For 2007 as a whole, eBay said it expected earnings per share, excluding one-time items, of $1.47 to $1.49, well above the earnings Wall Street was looking for, which ranged from $1.35 to $1.41 per share, according to Reuters Estimates.

The company said it expected net revenue for 2007 in a range of $7.60 billion to $7.65 billion, well above the average analyst forecast of $7.49 billion but at the top end of the $7.41 billion-to-$7.64 billion range of analysts' forecasts.

Early this month, eBay said it would cut as much as $1.2 billion off the $4.3 billion potential price it agreed to pay when it acquired Skype in a controversial deal two years ago.

Skype's two co-founders also agreed to resign as executives after the unit has repeatedly failed to reach financial goals.

In anticipation of solid results in its core business, eBay shares gained 5.2 percent to close at $40.60 in regular-session trading on Nasdaq prior to the publication of the company's report. The stock is up 35 percent so far this year. By contrast, the Nasdaq is up 15.6 percent.

Momentum Strong, but No 'Hot Product' for Holidays

EBay is enjoying solid business momentum early in the fourth quarter but considers it too early to say how holiday shoppers will behave by year-end, its chief executive said on Wednesday.

Meg Whitman, president and chief executive of the world's largest online marketplace, cautioned that she sees no "hard-to-get" product this year that could drive consumers to the online auctions and other shopping sites it runs.

"I think we have good momentum going into Q4," Whitman said in a phone interview, but added: "It is still early. Holiday shoppers shop later every year."

"The question mark is not about our own product plans," Whitman said. "The question is: How strong will holiday shopping be and will online gain share from offline shopping as it has in the past? That is unknowable."

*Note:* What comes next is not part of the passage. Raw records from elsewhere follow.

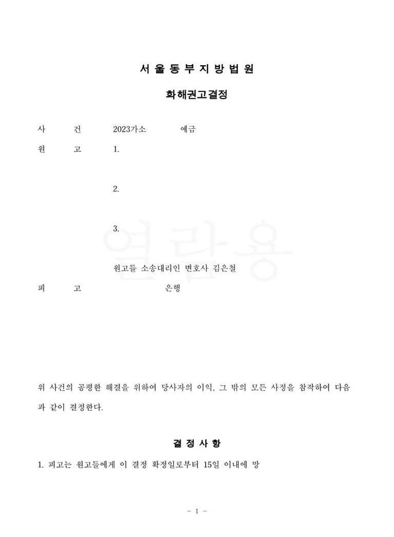 법원은 원고들 소송대리인의 주장을 인정하여 피고의 원고들에 대하여 법정상속분에 따른 예금채권의 지급의무를 인정하면서 피고가 원고들에게 일정금액을 지급하는 것으로 화해권고결정을 하였고, 원고들과 피고는 이에 이의를 하지 아니하였습니다.
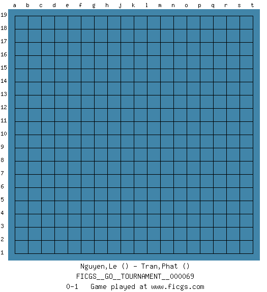 Last move : 0-1 2020 October 3 1:44:41 [Event "FICGS__GO__TOURNAMENT__000069"] [Site "FICGS"] [Date "2020.09.02"] [Round "1"] [Black "Nguyen,Le"] [White "Tran,Phat"] [Result "0-1"] 0-1 This go game has been lost on time (started : 2020.09.02 14:14:58) Here are the names of the openings (joseki) played in the four corners : Player White won this Go (weiqi, baduk) game. Follow this game move after move (download)To emphasize the lack of determination in his moves, one speaks of chance. (Pierre Audouard) When you have everything, sometimes it feels like nothing. (Horatio Caine, C.S.I. Miami)
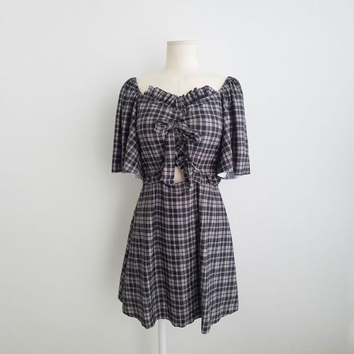 미즈큐즈 / (3XL-5XL까지) 팔뚝살커버 체크 리본 원피스 수영복
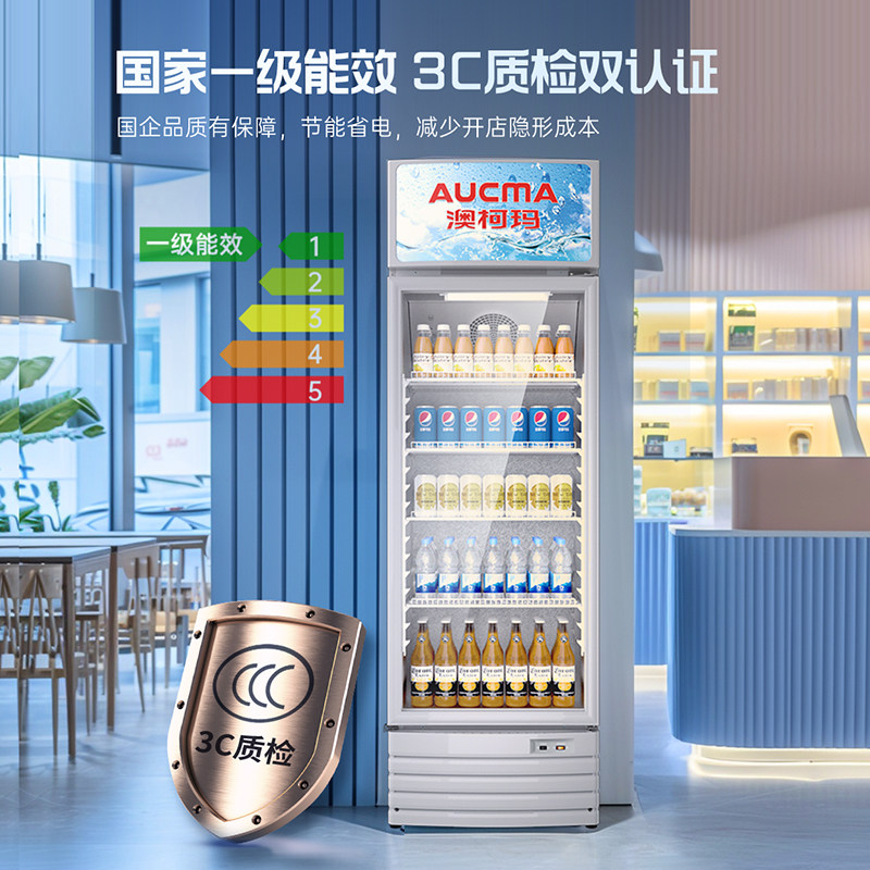 澳柯玛冷藏展示柜啤酒保鲜饮料柜超市商用冰箱立式冷柜一级328升
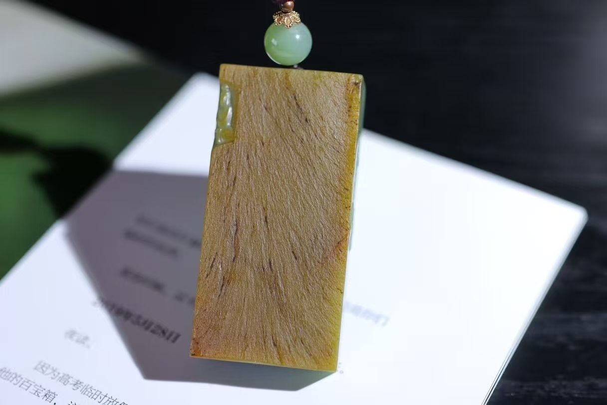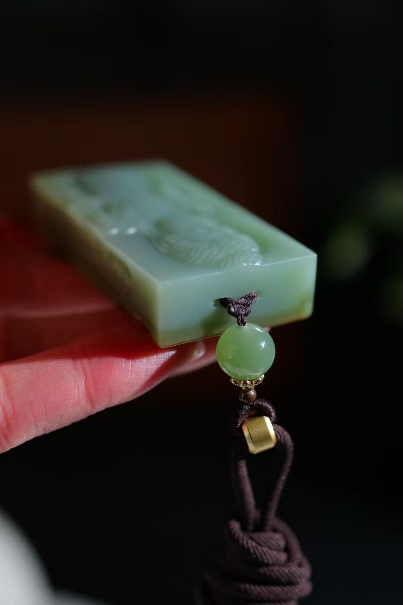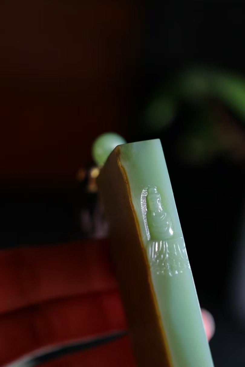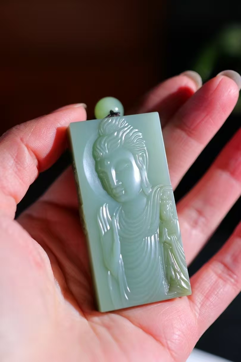 天然和田玉,原皮籽碧玉玉牌,雕刻有佛像等宗教題材圖案,碧玉色澤濃郁,雕刻工藝精細,展現出宗教文化與玉石工藝的融合,常作為宗教文化相關的飾品或收藏品,蘊含祈福、信仰等寓意。
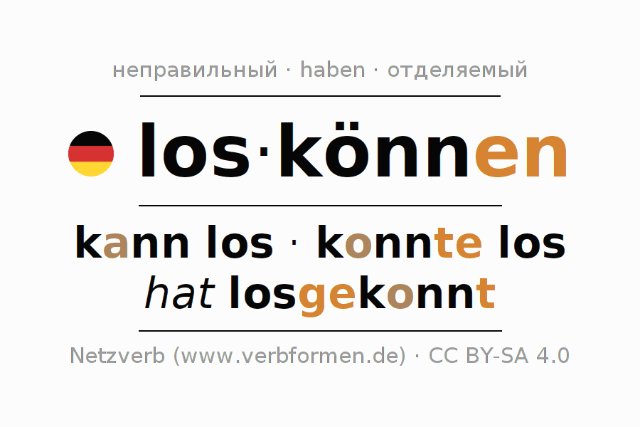 Глагол 'los·können' онлайн как таблица глаголов со всеми наглядно представленными формами. Значение глагола los·können таким образом является помощью для выполнения домашних заданий; подготовки к экзаменам и контрольным работам, а также к урокам немецкого языка; для обучения в вузах и при получении образования для взрослых. Именно для изучающих немецкий язык – правильное спряжение глаголов (kann los - konnte los - hat losgekonnt) является решающим фактором.
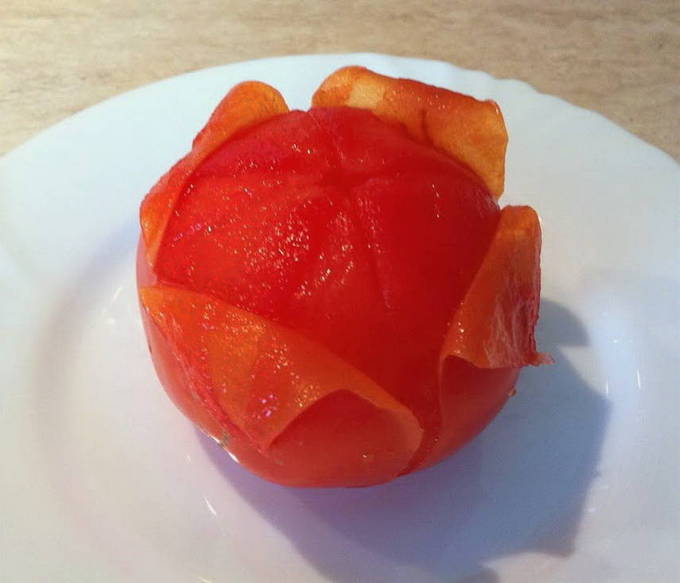- Verwijder steeltjes van gewassen tomaten en schil ze, snijd ze in grote plakjes.
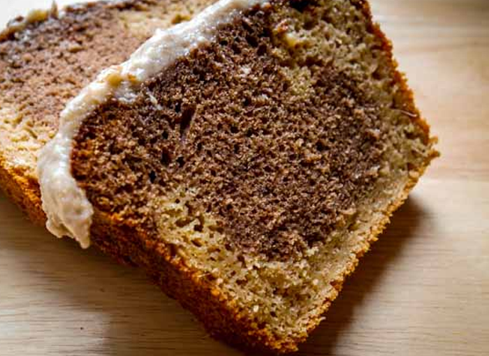 Con el horno precalentado a 180ºC, horneas durante 40-50 minutos. Luego empiezas con la cobertura, que es muy sencilla de hacer. para ello necesitas queso mascarpone y azúcar glass. Mezclas sin batir demasiado y añades puré de plátano.
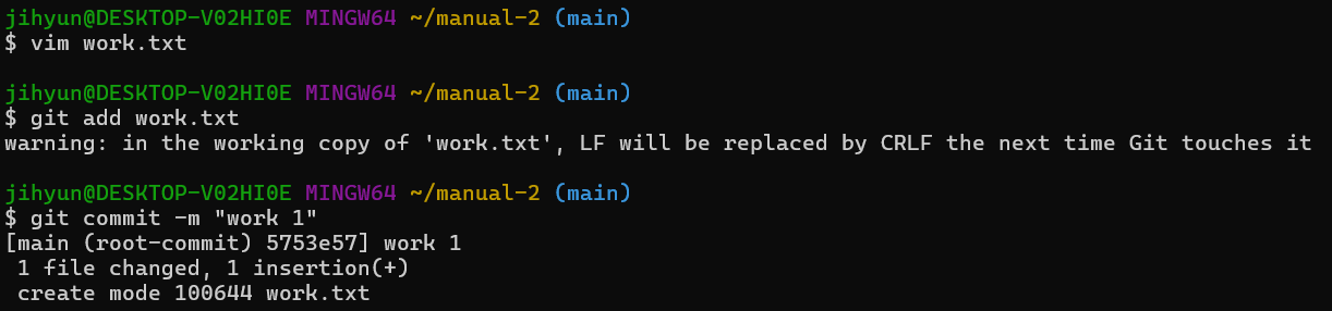 3. 방금 만든 work.txt를 스테이지에 올리고 커밋한다. 커밋 메시지는 'work 1'이라고 한다.
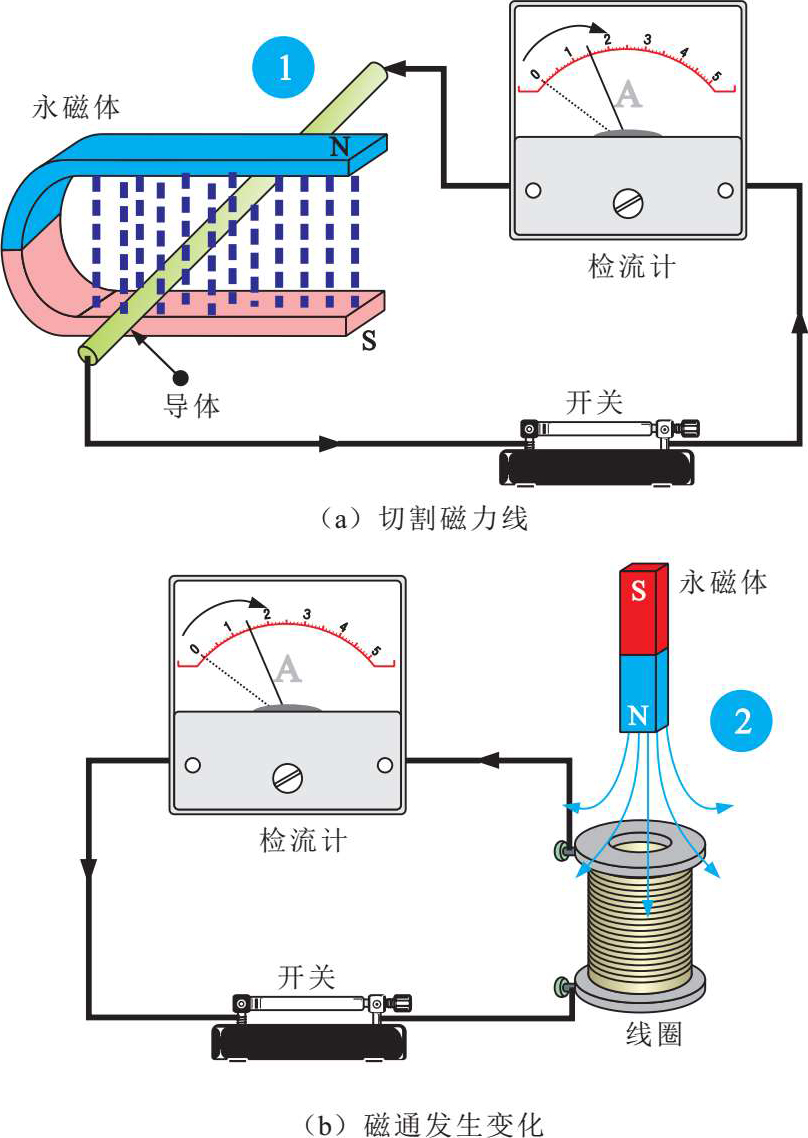 图1-10为电磁感应实验。当闭合回路中一部分导体在磁场中做切割磁力线运动时,回路中就有电流产生;当穿过闭合线圈的磁通发生变化时,线圈中有电流产生。这种由磁产生电的现象,称为电磁感应现象。
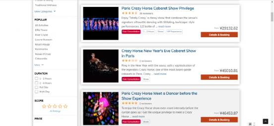 票价在不同网站有显著差异。疯马官网显示最低票价为180欧元(约1400人民币),根据演出内容的不同和节假日调整。票价最高的是450欧元(约3500人民币)的“疯狂新年”主题秀。
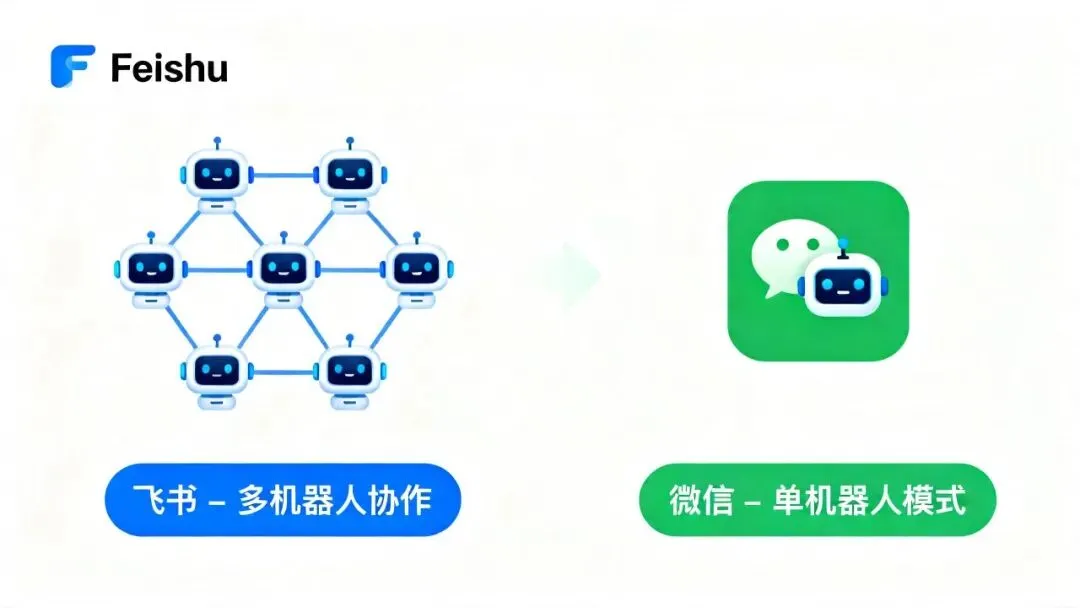飞书群里直接拉机器人就行,不像微信加个bot还要扫码关注、走各种流程。对于想快速搭建"AI工作流"的用户来说,这个体验差距是明显的。
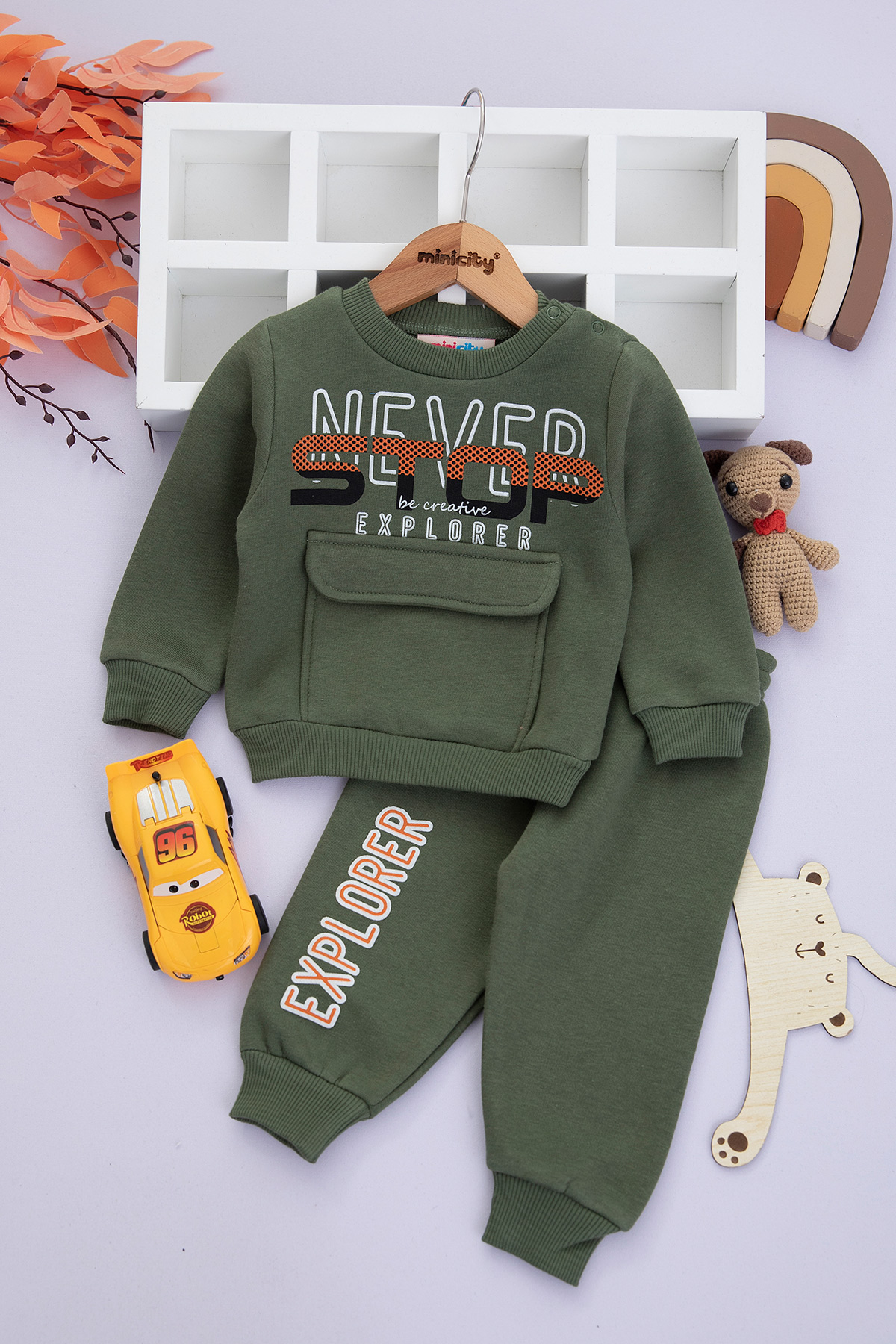 Erkek Bebek Never Stop Baskılı Üç İp Takım - 24809 (9-24 Ay)
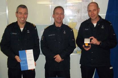 Op Zr.Ms. Van Amstel zijn 2 bemanningsleden in het zonnetje gezet vanwege hun lange dienstverband. AOO ODVB Sjaak Koman kreeg zijn diensttijdgratificatie voor 35 jaar eerlijke en trouwe dienst. SMJRODVB Jos Polak ontving een zilveren medaille voor 24 jaar eerlijke en trouwe dienst.
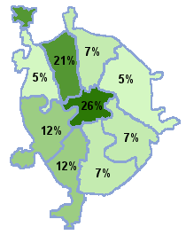 Арбат, Замоскворечье, Сокол, Аэропорт, Люблино, Тверской, Беговой, Марьина роща, Тимирязевский, Бутырский, Марьино, Хованский , Владыкино, Останкино, Щукино, Даниловский, Преображенский, Юго-западный, Донской, Савеловский, Якиманка
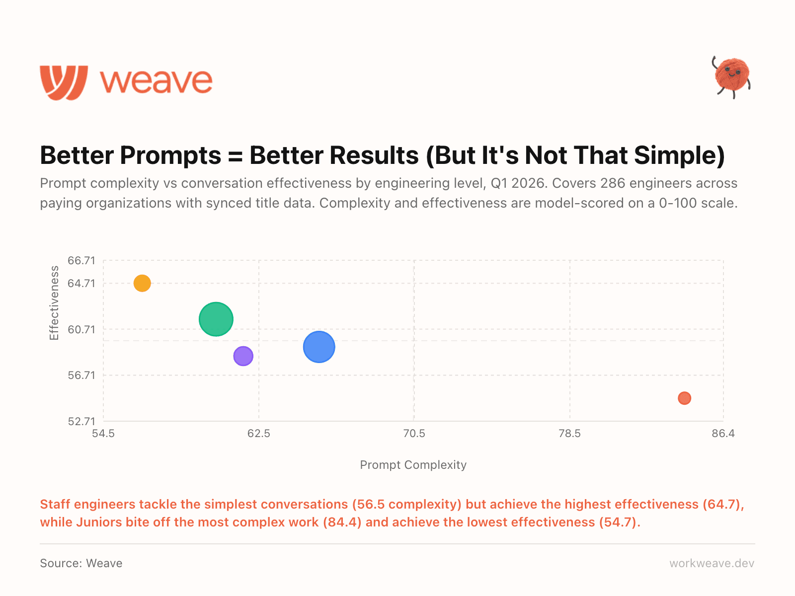 Staff engineers scored 64.7 on conversation effectiveness with an average prompt complexity of just 56.5. Juniors scored 54.7 effectiveness while tackling prompts rated 84.4 in complexity. The pattern is consistent across every seniority level: the more senior the engineer, the simpler their prompts and the better their results.
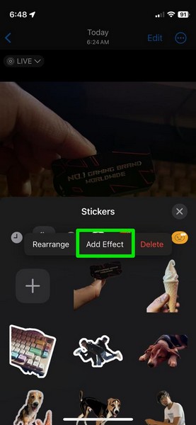 4.Kiedy naklejka zostanie dodana do listy naklejek,dotknij i zwolnij, aby wyświetlić wyskakujące menujeszcze raz, a następnie wybierz opcjęDodaj efektopcja.
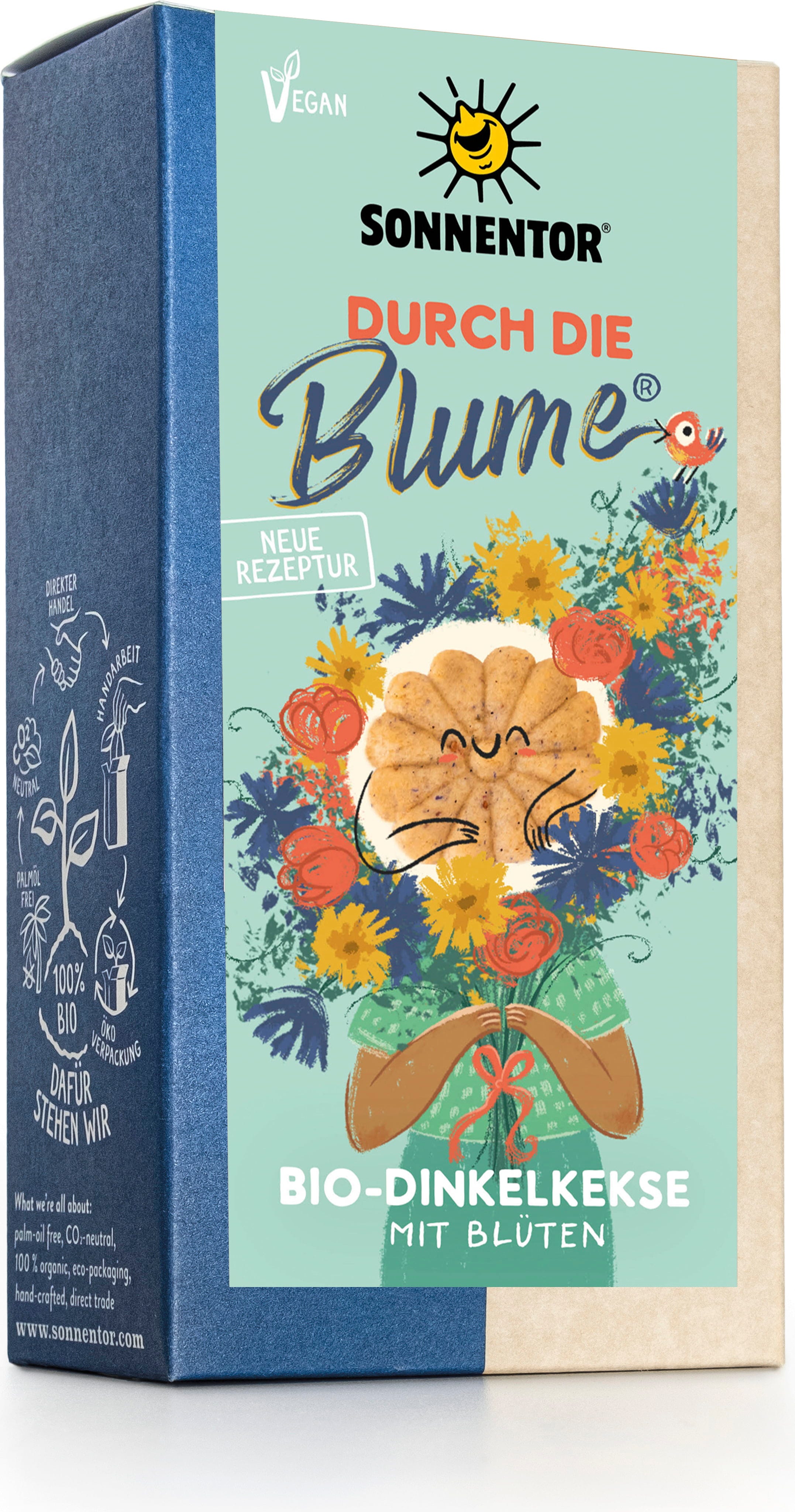 Säg det med blommor - men utan bladverk! Dessa goda ekologiska dinkelkakor från Sonnentor innehåller inte bara nötigt dinkelvete, utan även jordgubbar, blomblad och soligt citronoljaarom. Receptet rundas av med en hint vanilj och lite ingefära för en finstämd smakupplevelse.
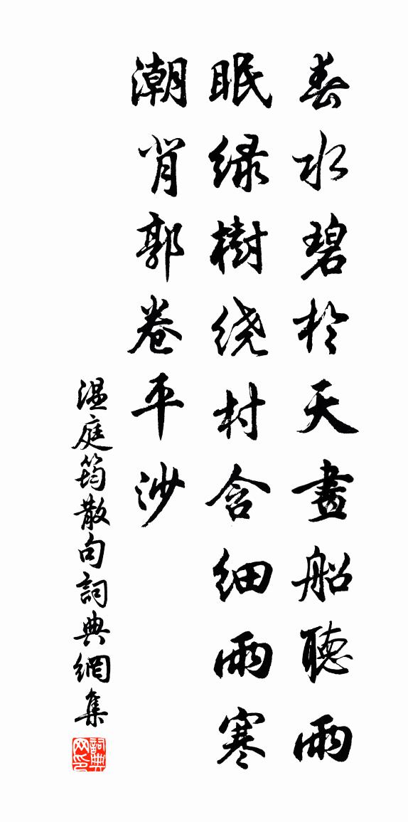 春水碧於天,畫船聽雨眠。綠樹繞村含細雨,寒潮背郭卷平沙。

Asked about the risk to the company's business if consumer spending slows late in the year, she said: "If consumers reduce spending, of course that will have some inpact on us."

In its 12-year-history, eBay has often benefited from pent-up demand for rare "hot products" ranging from last year's Nintendo Wii gaming console back to the Cabbage Patch doll craze of the mid-1990s.

"We don't see there is something of the magnitude of a hot product like the Wii this quarter," Whitman said.

- Reuters contributed to this report.